Types of Operating System:
What is Batch Operating System?
Batch processing is a technique in which an Operating System collects the
programs and data together in a batch before processing starts. This type of
operating system does not interact with the computer directly. Example: Punch
Card
What is time sharing operating system?
Time-sharing is a technique which enables many people, located at various
terminals, to use a particular computer system at the same time. This is an
extension of multi programming. Example: Unix
Multi programming: single processor and multiple programs. Computer running
Google Chrome and Word file simultaneously is example of multi programming.
What is distributed operating system?
Distributed systems use multiple central processors to serve multiple real-time
applications and multiple users. Data processing jobs are distributed among the
processors accordingly. Example: Plan 9, MOSIX
Distributed operating system is also known as loosely coupled system.
What is Network Operating System?
A Network Operating System runs on a server and provides the server the
capability to manage data, users, groups, security, applications, and other
networking functions. Examples: windows, LINUX, MAC etc
What is Real Time Operating System?
Real time operating system is intended to take and execute data instantly without
any buffer delay.
What is multitasking?
Multitasking is when multiple jobs are executed by the CPU simultaneously by
switching between them. Switches occur so frequently that the users may interact
with each program while it is running.
Multitasking Operating Systems are also known as Time-sharing systems.
Difference between multi programming and multi tasking?
Multiprogramming works on single processor whereas Multitasking works on
multiple processors.
What is spooling?
Spooling is an acronym for simultaneous peripheral operations on line. Spooling
refers to putting data of various I/O jobs in a buffer.
When a program is loaded into the memory and it becomes a process, it can be
divided into four sections : stack, heap, text and data.
Stack contains the temporary data such as method/function parameters, return
address and local variables.
Heap: this is dynamically allocated memory to a process during its run time.
What is process scheduling?
The process scheduling is the activity of the process manager that handles the
removal of the running process from the CPU and the selection of another process
on the basis of a particular strategy.
A Process Scheduler schedules different processes to be assigned to the CPU based
on particular scheduling algorithms.
Which are popular CPU scheduling algorithms?
First-Come, First-Served (FCFS) Scheduling
Shortest-Job-Next (SJN) Scheduling
Priority Scheduling
Shortest Remaining Time
Round Robin(RR) Scheduling
Multiple-Level Queues Scheduling
These algorithms are either non-preemptive or preemptive.
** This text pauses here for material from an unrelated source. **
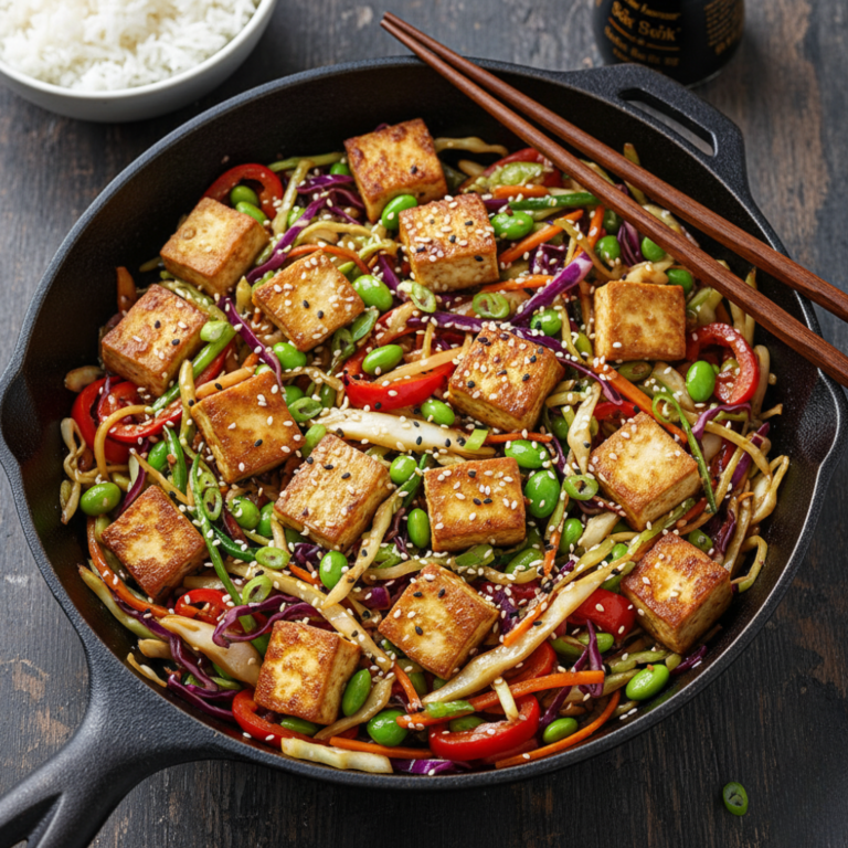 Return the tofu to the pan. Stir together the sauce ingredients, pour them in, and toss everything together until glossy and hot.

Non-preemptive
algorithms are designed so that once a process enters the running state, it cannot be
preempted until it completes its allotted time, whereas the preemptive scheduling is
based on priority where a scheduler may preempt a low priority running process
anytime when a high priority process enters into a ready state.
What is priority scheduling?
Priority scheduling is a non-preemptive algorithm and one of the most common
scheduling algorithms in batch systems. Each process is assigned a priority.
Process with highest priority is to be executed first and so on. Processes with same
priority are executed on first come first served basis. Priority can be decided based
on memory requirements, time requirements or any other resource requirement.
What is round robin scheduling?
Round Robin is the preemptive process scheduling algorithm. Each process is
provided a fix time to execute, it is called a quantum. Once a process is executed
for a given time period, it is preempted and other process executes for a given time
period.
What is thread?
A thread is a flow of execution through the process code, with its own program
counter that keeps track of which instruction to execute next.
What is program counter?
A program counter is a register in a computer processor that contains the address
(location) of the instruction being executed at the current time.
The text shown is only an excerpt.